Sep 13 19:22:35 HV020 kernel: connection2:0: ping timeout of 10 secs expired, recv timeout 5, last rx 4318638456, last ping 4318639706, now 4318642245
Sep 13 19:22:35 HV020 kernel: connection2:0: detected conn error (1011)
Sep 13 19:22:37 HV020 iscsid: Kernel reported iSCSI connection 2:0 error (1011) state (3)
Sep 13 19:23:11 HV020 iscsid: connection2:0 is operational after recovery (1 attempts)
Sep 13 19:27:13 HV020 kernel: NETDEV WATCHDOG: eth2: transmit timed out
Sep 13 19:27:16 HV020 kernel: bonding: bond1: link status definitely down for interface eth2, disabling it
Sep 13 19:27:19 HV020 kernel: igb: eth4 NIC Link is Up 1000 Mbps Full Duplex, Flow Control: None
Sep 13 19:27:19 HV020 kernel: igb: eth5 NIC Link is Up 1000 Mbps Full Duplex, Flow Control: None
Sep 13 19:27:20 HV020 kernel: igb: eth2 NIC Link is Up 1000 Mbps Full Duplex, Flow Control: RX/TX
Sep 13 19:27:20 HV020 kernel: bonding: bond1: link status definitely up for interface eth2.
Sep 13 19:27:26 HV020 kernel: igb: eth3 NIC Link is Up 1000 Mbps Full Duplex, Flow Control: RX/TX
As mentioned, on one machine we can reproduce this reliably. The machine has just 4 VMs;
- 3 in a cluster, generating anywhere up to 30k of connections, but only 600Kbps incoming and 1Mbps outgoing.
- 1 receiving an SFTP transfer at ~1Mbps
The load produced by the cluster of machines follows an inverse bell curve, peaking every 60 mins. Throughout any given hour, the following symptoms can be seen, but with higher frequency and longer duration around the peak:
- slow response times from the cluster, taking 30-90s to respond to a HTTP request (traffic is over eth0/eth2 bond)
- tcpdumps of the SFTP traffic, at multiple points in the network stack, slow, or pause completely (traffic is over eth0/eth2 bond)
- timeout errors in /var/log/messages regarding iSCSI traffic (eth1 and eth3)
- long pauses and occasional disconnects on SSH sessions to dom0 (eth5)
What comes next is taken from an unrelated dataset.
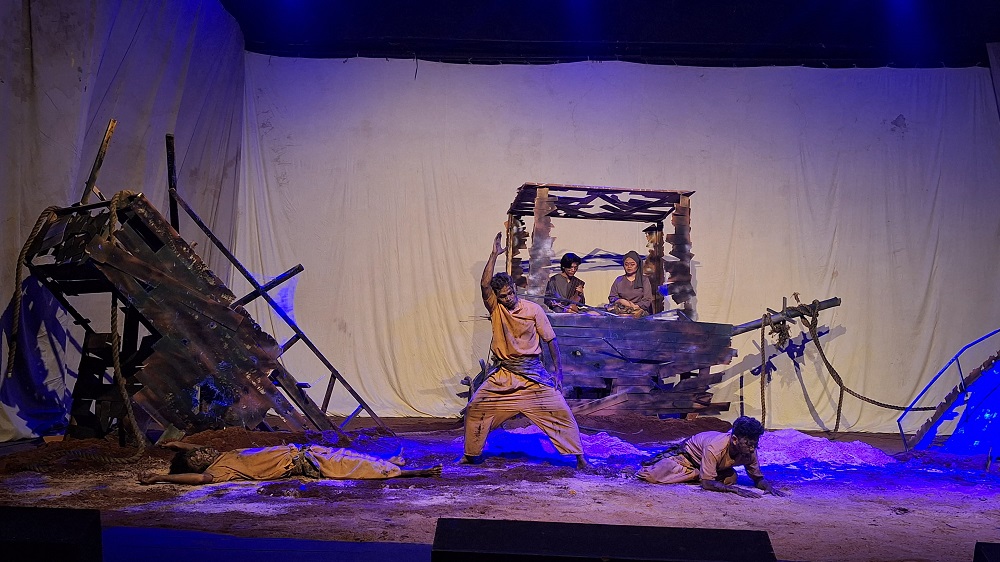 Meskipun berformat menolog, pertunjukan ini melibatkan empat aktor di atas panggung, yang membingungkan penonton awam yang mengira monolog hanya dimainkan oleh satu aktor. Setelah musik dimainkan, terlihat satu aktor yang terbaring di kepingan ujung kapal, sementara tiga aktor lainnya memerankan batu yang diselimuti oleh pasir-pasir laut.

The overruns and dropped packets coincide with periods of high load, when the SFTP traffic will stop completely and SSH to dom0 becomes unresponsive. It often also coincides with an interface reset.
We can prevent the overruns (as I suppose as should be expected) by increasing the size of the ring RX variable, to fully buffer the packets while the device is unresponsive.
I appreciate that there will need to be further diagnostic work done to ascertain the problem. Any guidance is appreciated.